Semi-Bluff? We don't need no stinkin' semibluff here.
The key feature of a semi-bluff is the ability to sometimes win the pot immediately from your bet. The most common scenario for a semi-bluff in a tighter game are turn raises and check-raises with draws. You hope your opponent will fold, but if they don't fold then at least you have some outs to win on the river.
The problem in a low limit game is this: You are almost NEVER going to win the pot right there. Since the semi-bluff requires that possibility it is almost never worth semi-bluffing in a low limit game unless you are doing so for deception purposes to increase the action on the river if you make your hand. In the above example, believe me that the jacks, the tens, the fours, The straight draws, the gutshot straight draws, the flush draws and any two overcards are going to call your raise.
However, in this example, you will make money by getting as much money into the pot as you can with this hand if you have more than a couple opponents on the turn. (see our percentage chart of outs with one card to come) In this case you have 9 flush outs, 3 straight outs (which don't make a flush) which is 12 outs to the absolute nuts. In addition you have two overcards which is 6 more outs of which you can probably win with 2 or 3 of them, so conservatively you have 14 outs to win. From the chart you can see that with 14 outs you have a slightly better than 30% chance to make one of your draws on the river.
As far as getting money into the pot -- you have to use your judgment to determine how best to do this.
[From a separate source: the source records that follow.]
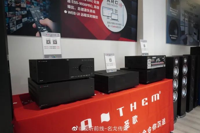 北昌影音展出了REVEL(锐威)和ARCAM(雅俊)的多款产品,这次展会中共有两个展房,一个以Hi-Fi试听和陈列为主,包括有定制安装产品、REVEL PERFORMA BE与CONCERTA2系列等等。另外一个房间则以PERFORMA BE系列音箱与雅俊环绕声解码器+后级功放搭建了沉浸式影院系统进行示范。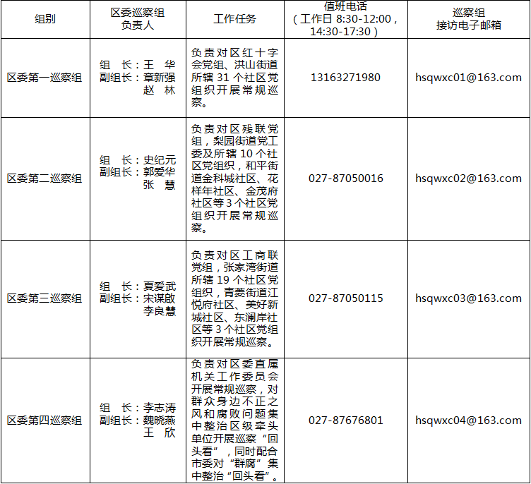 本轮巡察驻点时间60天左右,其间设立专门值班电话、电子邮箱和“荆楚码上巡”信访反映二维码,主要受理反映被巡察党组织领导班子及其成员、其他重要岗位领导干部问题的来信、来电和来访。
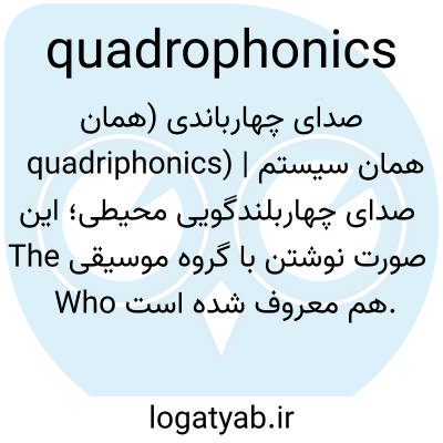 صدای چهارباندی (همان quadriphonics) | همان سیستم صدای چهاربلندگویی محیطی؛ این صورت نوشتن با گروه موسیقی The Who هم معروف شده است.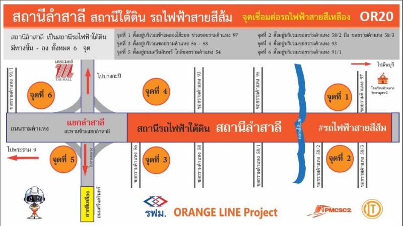 - ทางขึ้นลงจุดที่ 6 ตั้งอยู่บริเวณซอยรามคำแหง 91/1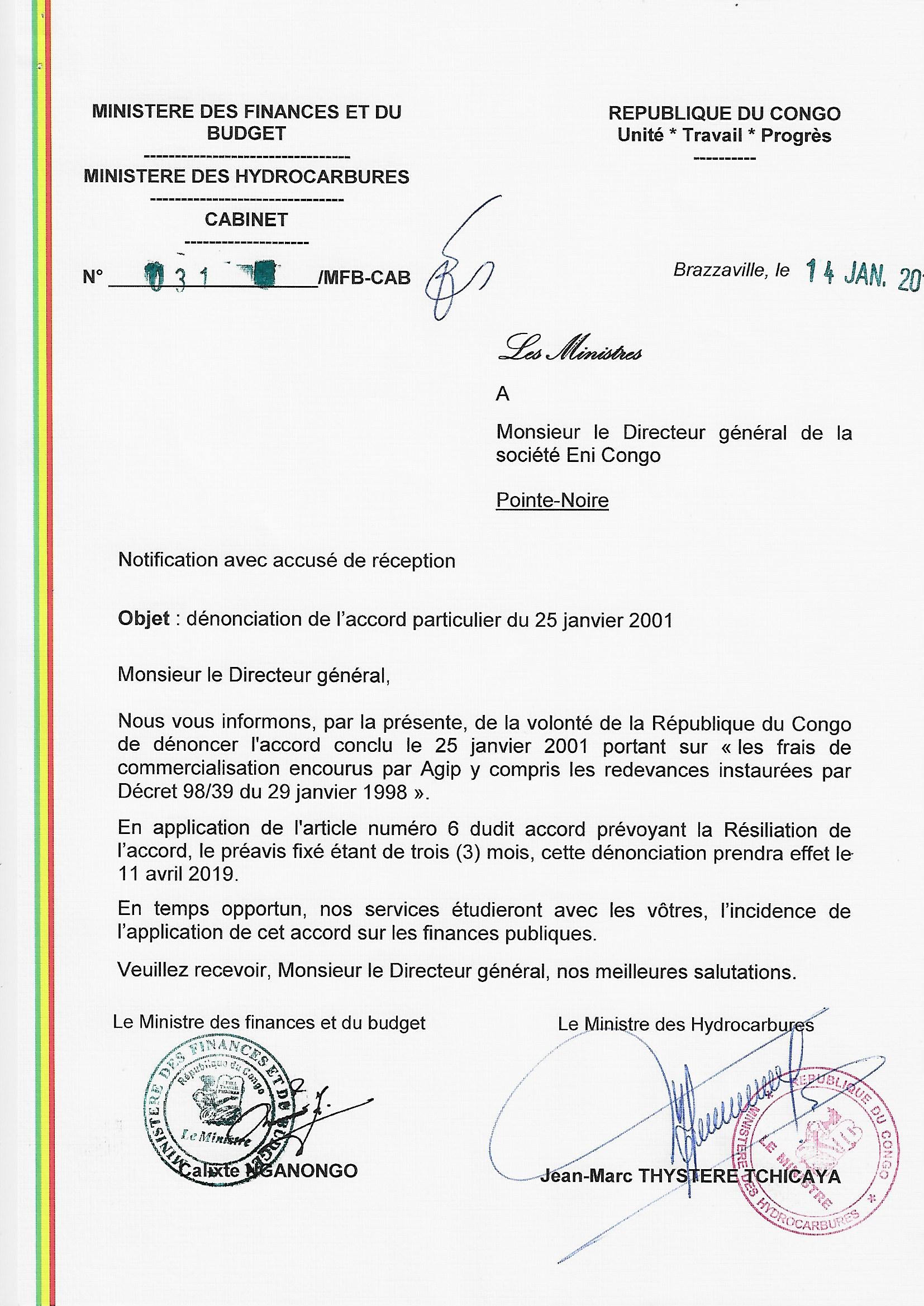 > Notification des Ministres des finances et du budget, et des hydrocarbures, au Directeur général de la société ENI Congo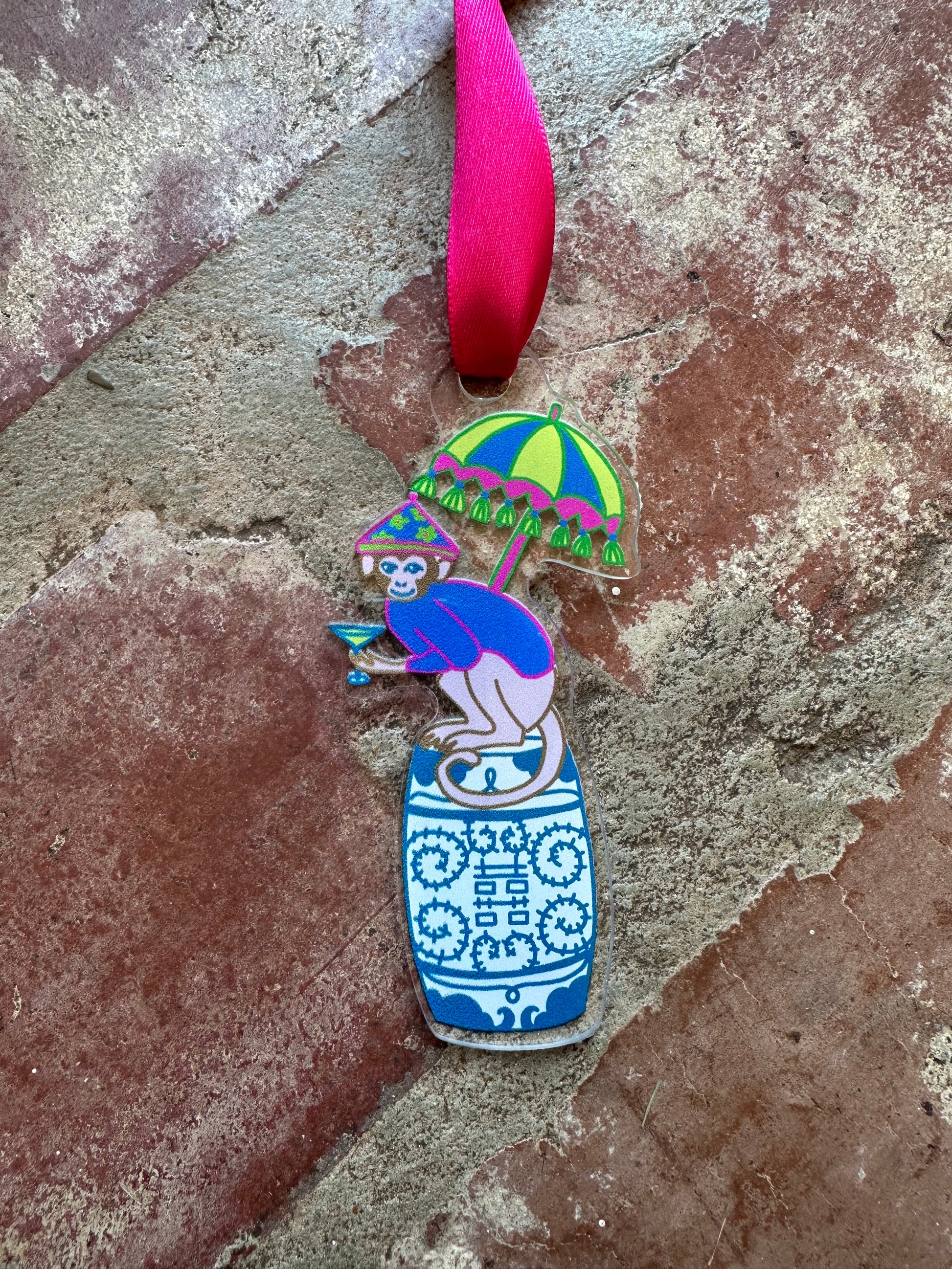 Playful, polished, and full of charm — this Chinoiserie-inspired acrylic ornament is sure to steal the spotlight. Featuring a colorful monkey perched atop a blue-and-white garden stool with a vibrant parasol in hand, it’s a whimsical nod to timeless chinoiserie motifs with a modern Mahjong Moxie twist.
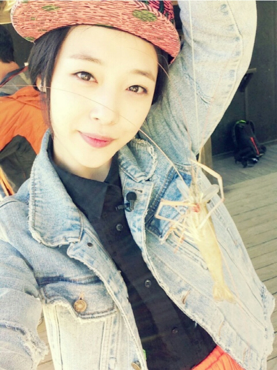사진 속 설리는 환한 미소를 지은 채 낚시줄에 매달린 새우를 자랑하듯 번쩍 들어 올린 후 사진 촬영에 여념이 없는 모습이다. 청자켓에 검은색 셔츠를 입고 편안한 복장을 선보인 설리는 힙합 모자로 한층 업그레이드된 '귀요미' 매력을 뽐냈다.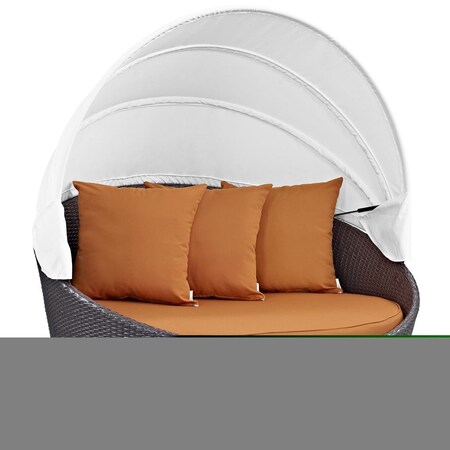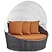 Modway Convene Wicker Rattan Outdoor Patio Retractable Canopy Round Poolside Sofa Daybed in Espresso Orange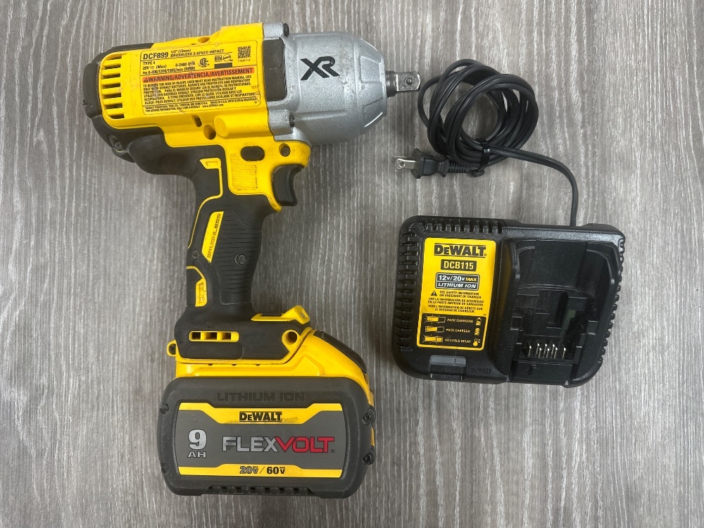 DEWALT 20V CORDLESS IMPACT WRENCH WITH 9AH FLEXVOLT BATTERY AND CHARGER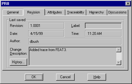 members record their reasons for changing requirements. RequisitePro provides a Change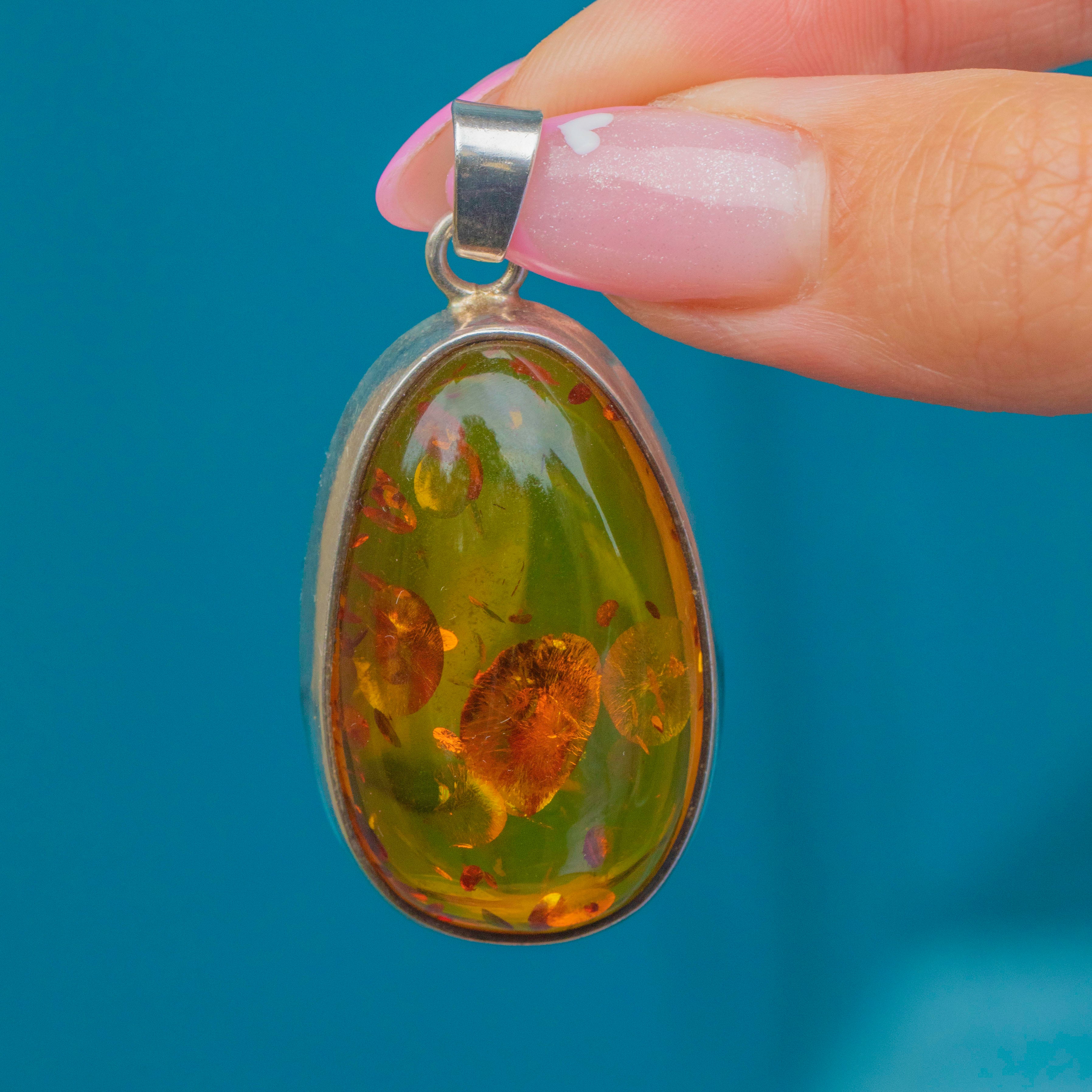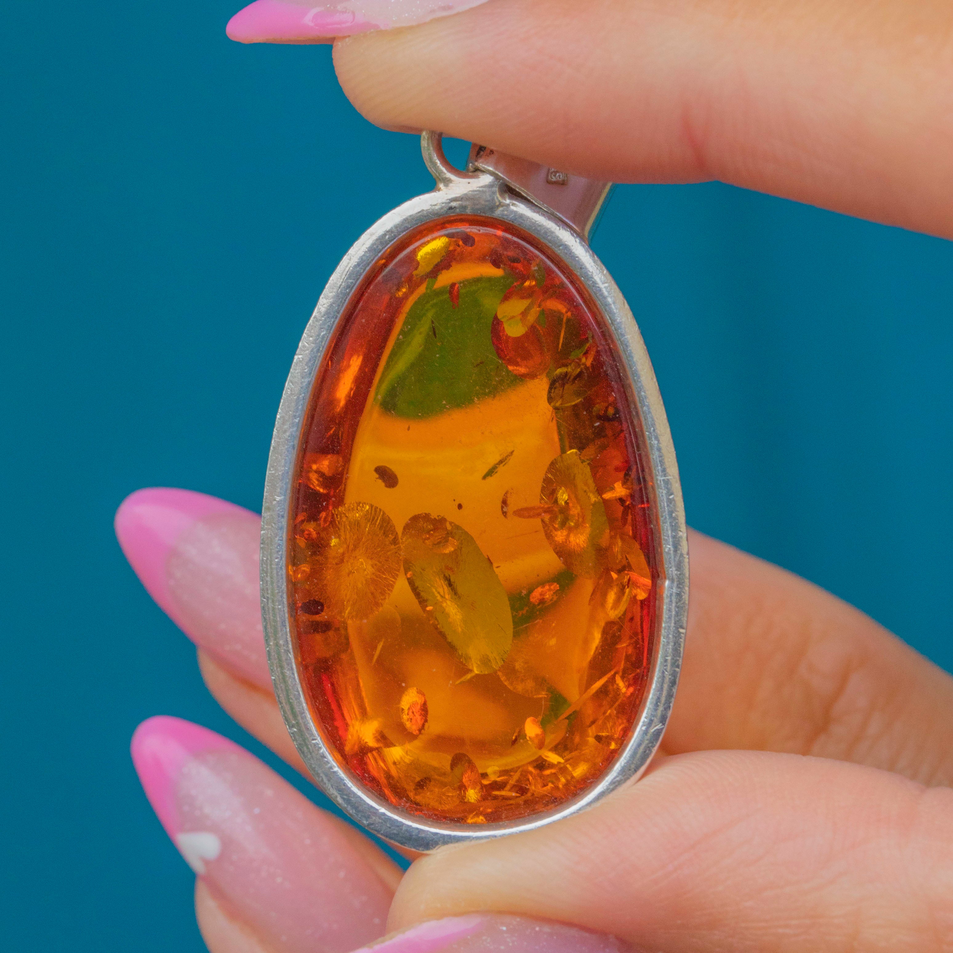 This striking pendant showcases a large piece of natural Baltic Amber, beautifully flecked with golden inclusions that catch the light from every angle. The stone’s organic warmth contrasts perfectly with its cool Sterling Silver setting, creating a statement piece full of natural charm.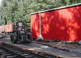 The front end tractor sets rail in place. A problem at Pine Creek is matching differeing rail weights and profiles. Most rail is donated.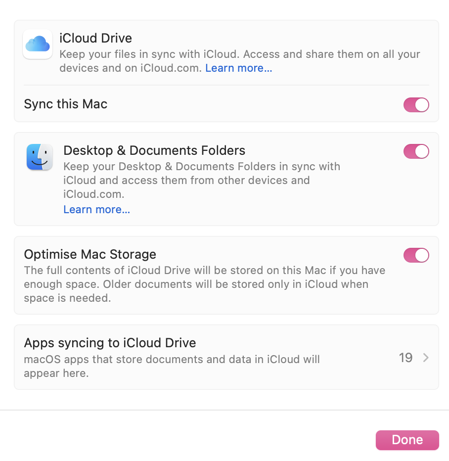 Desde 2011, a Apple oferece o iCloud como uma solução de armazenamento em nuvem para fotos, vídeos e outros arquivos. O iCloud Drive foi lançado ao mesmo tempo e tem sido aprimorado continuamente desde então. Enquanto o iCloud representa o armazenamento on-line propriamente, o iCloud Drive é a aplicação que facilita a realização automática de backups no Mac e em outros dispositivos Apple e Windows, além de permitir salvar, editar e compartilhar arquivos com facilidade. O espaço de armazenamento disponível depende do plano escolhido, sendo que 5 GB são gratuitos.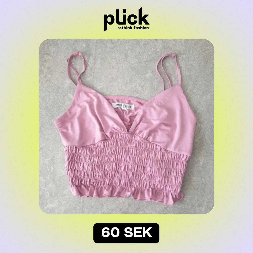 Jätte fin smockad topp från Urban Outfitters Storlek L, stretchig. Väldigt bra skick. Sitter jättefint på men tyvärr för liten för mig. Smockad crop top med plunge neckline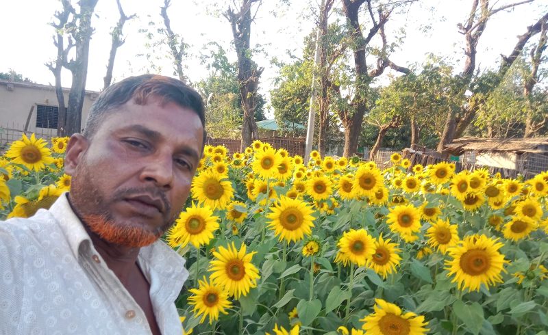 আলীকদমে তামাক ছেড়ে সূর্যমুখী ফুলের চাষে সফল কৃষক সিরাজুল ইসলাম।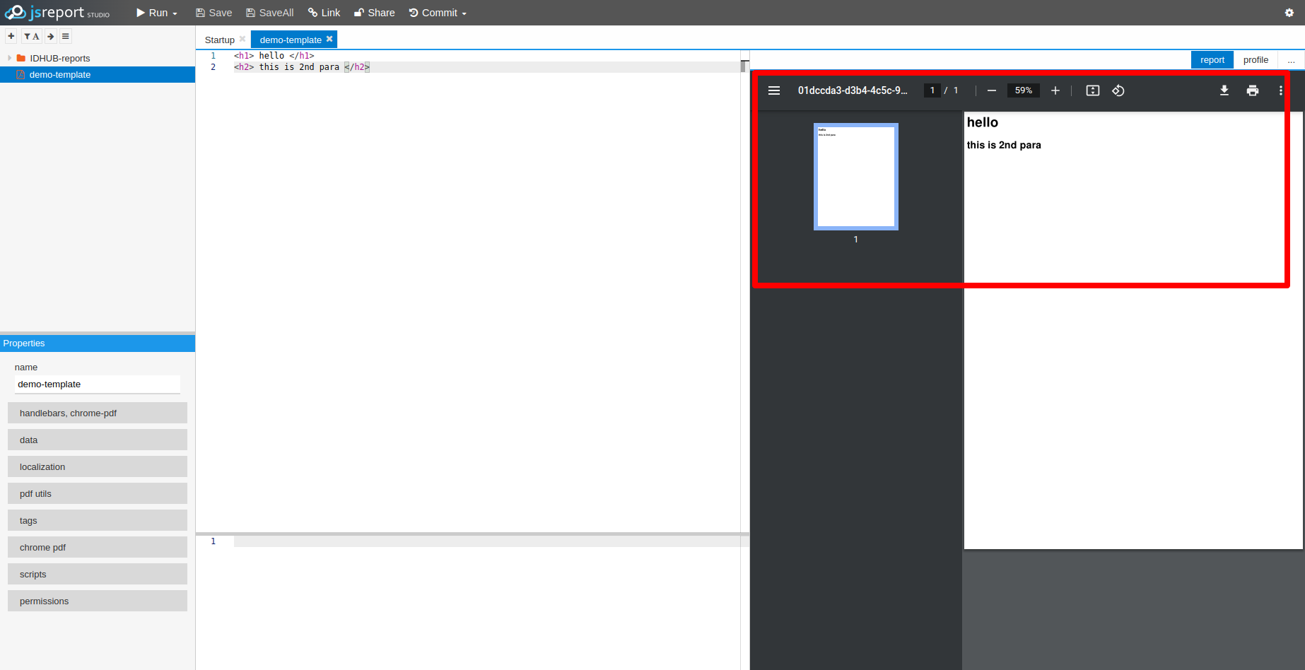 This will display the report at the right hand side, as is shown in the screenshot below: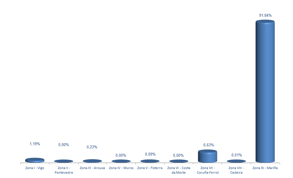 | Zona VIII - Cedeira | 15 | 94 | 0,01% | 2.194 | 0,02% | 23,31 |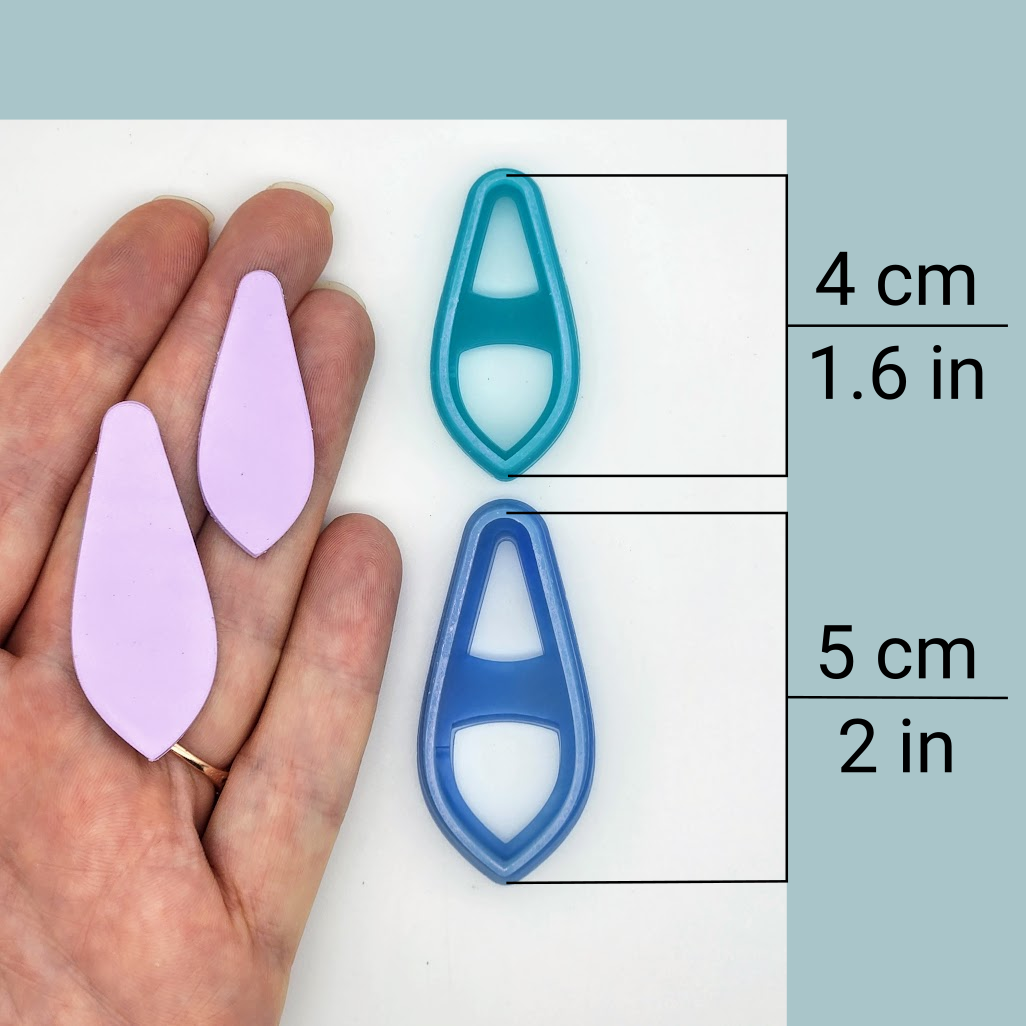 There are four sizes of these teardrop outline polymer clay cutters available, 2 cm to 5 cm.

Sometimes betting is the right move while sometimes other players will do the betting (and raising for you). If you are given a choice always let the other players lead the betting because it gives you more options (in some cases to get out of the hand, to just call, or to checkraise).
While you are almost definitely beaten on the flop, you will still make money if you get more than a few callers (which you usually will). A key reason this is so is you are drawing to the nuts, so you can drive the action in the handeven if someone raises you can re-raise in this situation and still make money.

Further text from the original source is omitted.